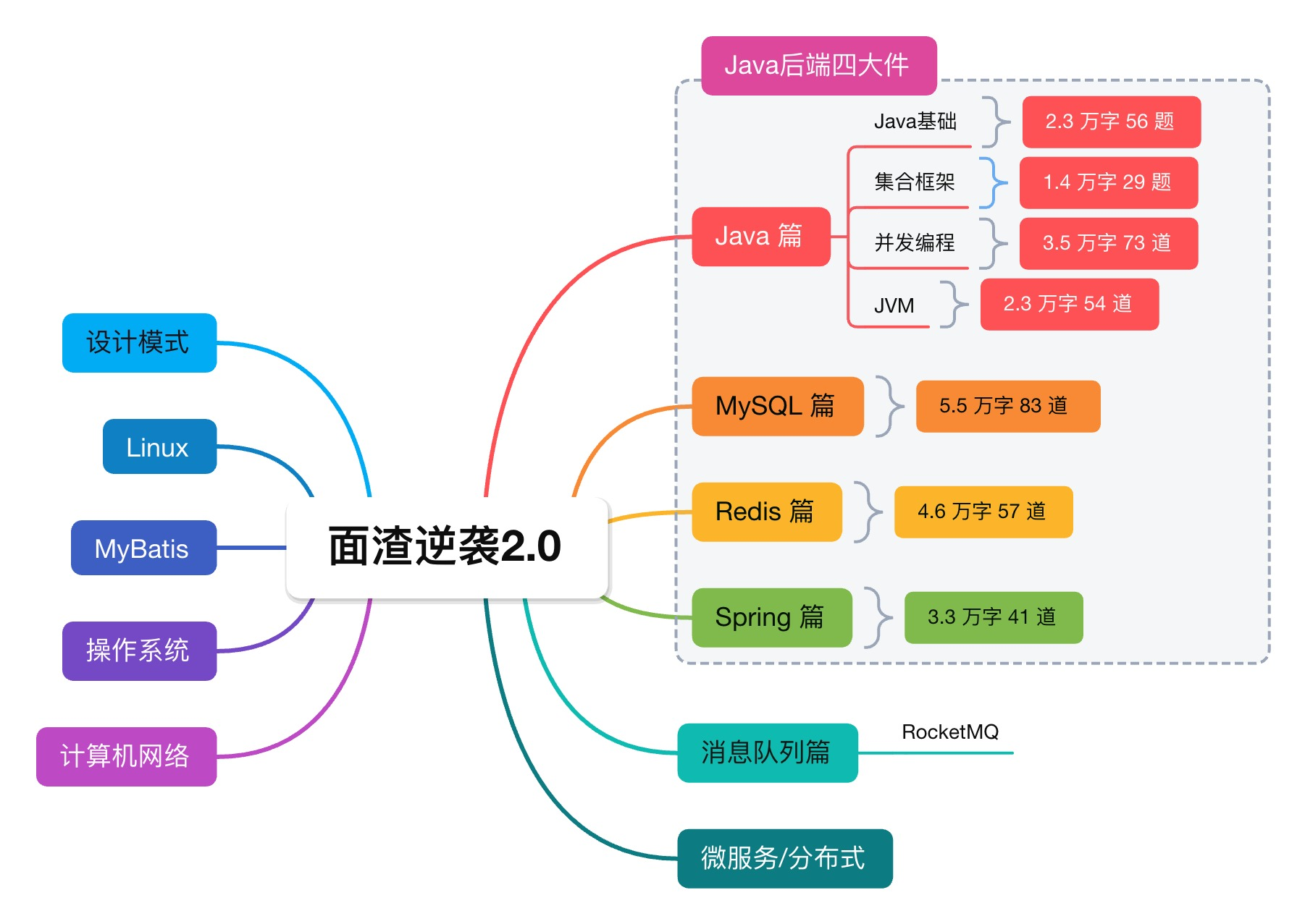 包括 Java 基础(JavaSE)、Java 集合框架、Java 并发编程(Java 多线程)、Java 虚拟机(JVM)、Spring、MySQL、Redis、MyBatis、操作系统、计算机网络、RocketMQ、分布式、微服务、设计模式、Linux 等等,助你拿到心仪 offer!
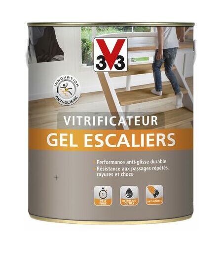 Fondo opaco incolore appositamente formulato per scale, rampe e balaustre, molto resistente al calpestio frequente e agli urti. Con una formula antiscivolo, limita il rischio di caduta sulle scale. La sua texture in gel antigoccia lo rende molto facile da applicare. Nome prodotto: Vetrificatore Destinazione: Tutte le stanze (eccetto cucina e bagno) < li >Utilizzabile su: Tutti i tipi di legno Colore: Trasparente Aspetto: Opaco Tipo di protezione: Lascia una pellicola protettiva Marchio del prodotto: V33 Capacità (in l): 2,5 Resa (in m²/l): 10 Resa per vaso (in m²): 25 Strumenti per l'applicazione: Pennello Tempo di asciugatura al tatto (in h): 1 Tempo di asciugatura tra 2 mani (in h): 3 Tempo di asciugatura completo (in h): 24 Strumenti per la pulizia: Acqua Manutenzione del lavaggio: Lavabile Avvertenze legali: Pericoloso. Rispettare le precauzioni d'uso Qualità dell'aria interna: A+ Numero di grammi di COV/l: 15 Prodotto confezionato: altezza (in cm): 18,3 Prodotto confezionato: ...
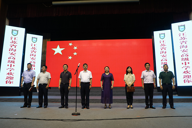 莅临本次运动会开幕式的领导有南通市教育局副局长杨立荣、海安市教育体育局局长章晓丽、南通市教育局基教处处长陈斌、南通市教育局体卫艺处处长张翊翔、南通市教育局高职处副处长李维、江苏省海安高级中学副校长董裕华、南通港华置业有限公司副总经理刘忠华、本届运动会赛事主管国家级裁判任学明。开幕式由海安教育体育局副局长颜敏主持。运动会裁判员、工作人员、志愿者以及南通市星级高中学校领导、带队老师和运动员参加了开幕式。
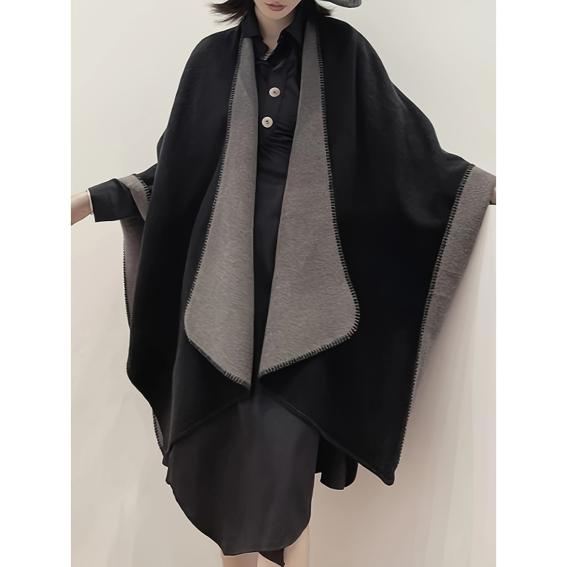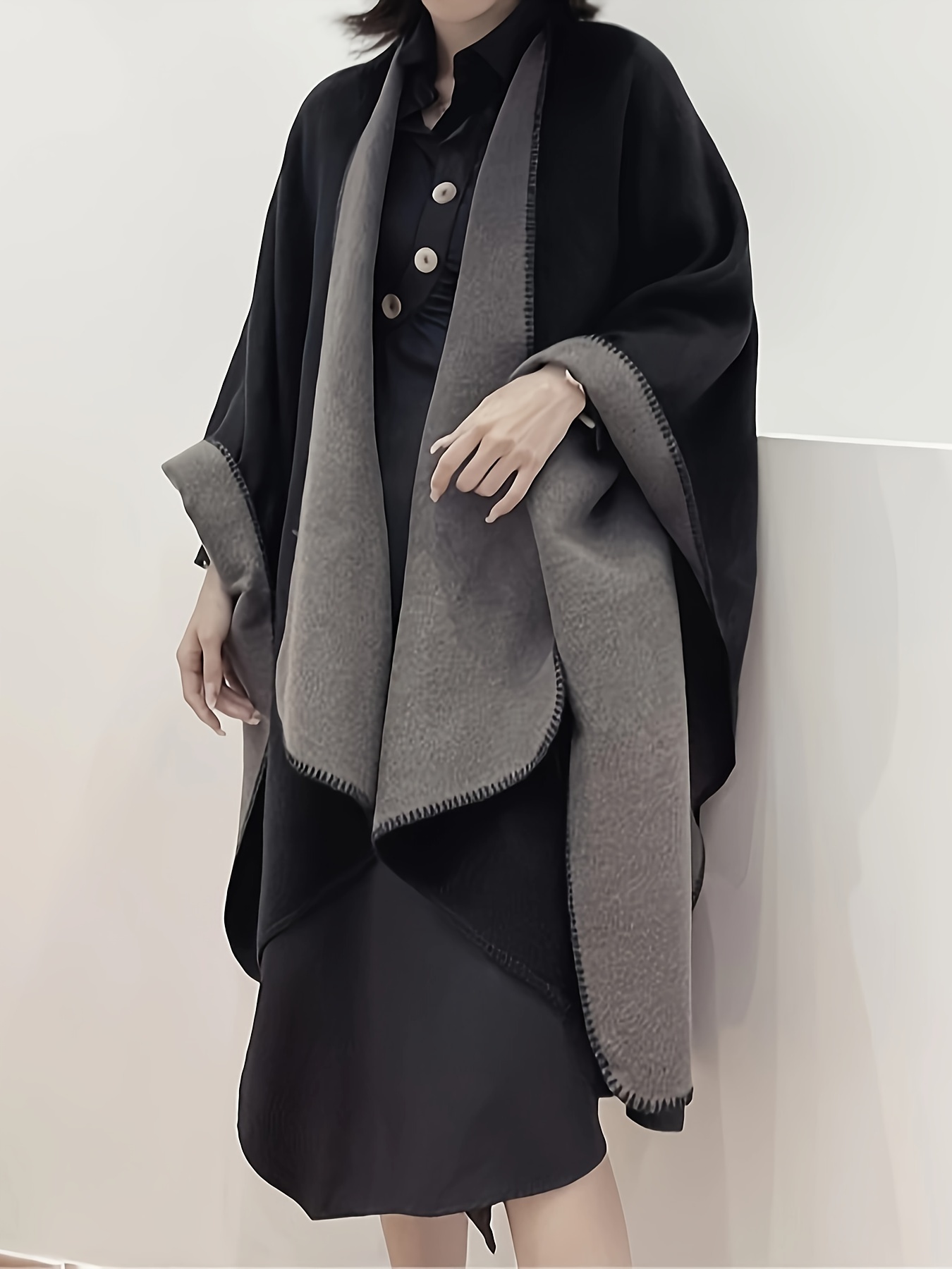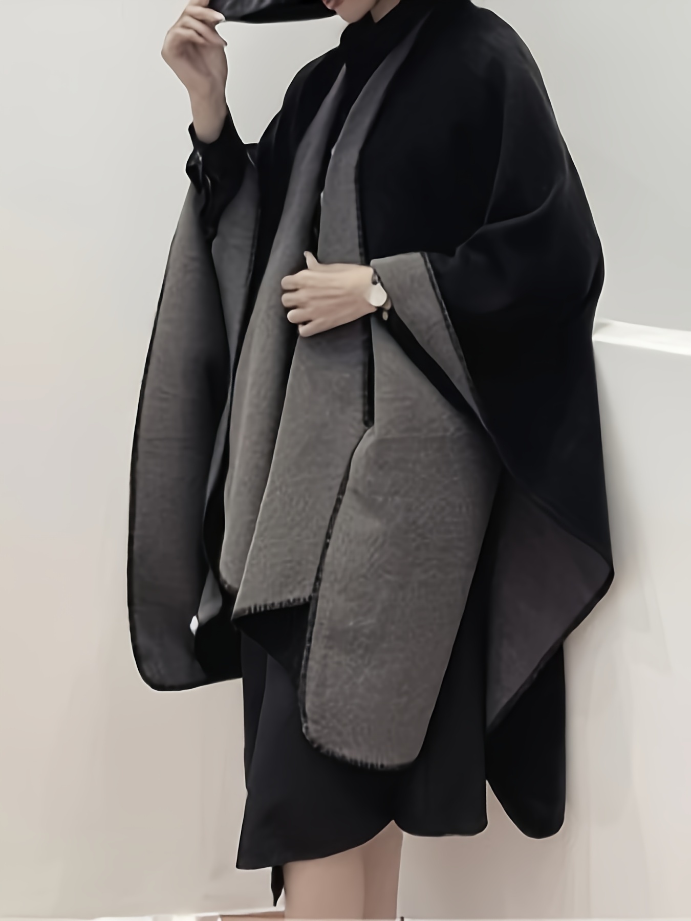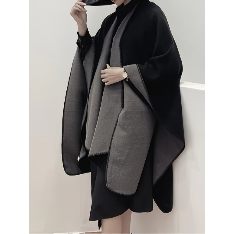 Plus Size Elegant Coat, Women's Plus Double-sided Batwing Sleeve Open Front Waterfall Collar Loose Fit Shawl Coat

**What you need to do:** Your answer must be an exact copy of the listing, with every picture omitted.

**Answer to the problem:**
 包括 Java 基础(JavaSE)、Java 集合框架、Java 并发编程(Java 多线程)、Java 虚拟机(JVM)、Spring、MySQL、Redis、MyBatis、操作系统、计算机网络、RocketMQ、分布式、微服务、设计模式、Linux 等等,助你拿到心仪 offer!
 Fondo opaco incolore appositamente formulato per scale, rampe e balaustre, molto resistente al calpestio frequente e agli urti. Con una formula antiscivolo, limita il rischio di caduta sulle scale. La sua texture in gel antigoccia lo rende molto facile da applicare. Nome prodotto: Vetrificatore Destinazione: Tutte le stanze (eccetto cucina e bagno) < li >Utilizzabile su: Tutti i tipi di legno Colore: Trasparente Aspetto: Opaco Tipo di protezione: Lascia una pellicola protettiva Marchio del prodotto: V33 Capacità (in l): 2,5 Resa (in m²/l): 10 Resa per vaso (in m²): 25 Strumenti per l'applicazione: Pennello Tempo di asciugatura al tatto (in h): 1 Tempo di asciugatura tra 2 mani (in h): 3 Tempo di asciugatura completo (in h): 24 Strumenti per la pulizia: Acqua Manutenzione del lavaggio: Lavabile Avvertenze legali: Pericoloso. Rispettare le precauzioni d'uso Qualità dell'aria interna: A+ Numero di grammi di COV/l: 15 Prodotto confezionato: altezza (in cm): 18,3 Prodotto confezionato: ...
 莅临本次运动会开幕式的领导有南通市教育局副局长杨立荣、海安市教育体育局局长章晓丽、南通市教育局基教处处长陈斌、南通市教育局体卫艺处处长张翊翔、南通市教育局高职处副处长李维、江苏省海安高级中学副校长董裕华、南通港华置业有限公司副总经理刘忠华、本届运动会赛事主管国家级裁判任学明。开幕式由海安教育体育局副局长颜敏主持。运动会裁判员、工作人员、志愿者以及南通市星级高中学校领导、带队老师和运动员参加了开幕式。
 Plus Size Elegant Coat, Women's Plus Double-sided Batwing Sleeve Open Front Waterfall Collar Loose Fit Shawl Coat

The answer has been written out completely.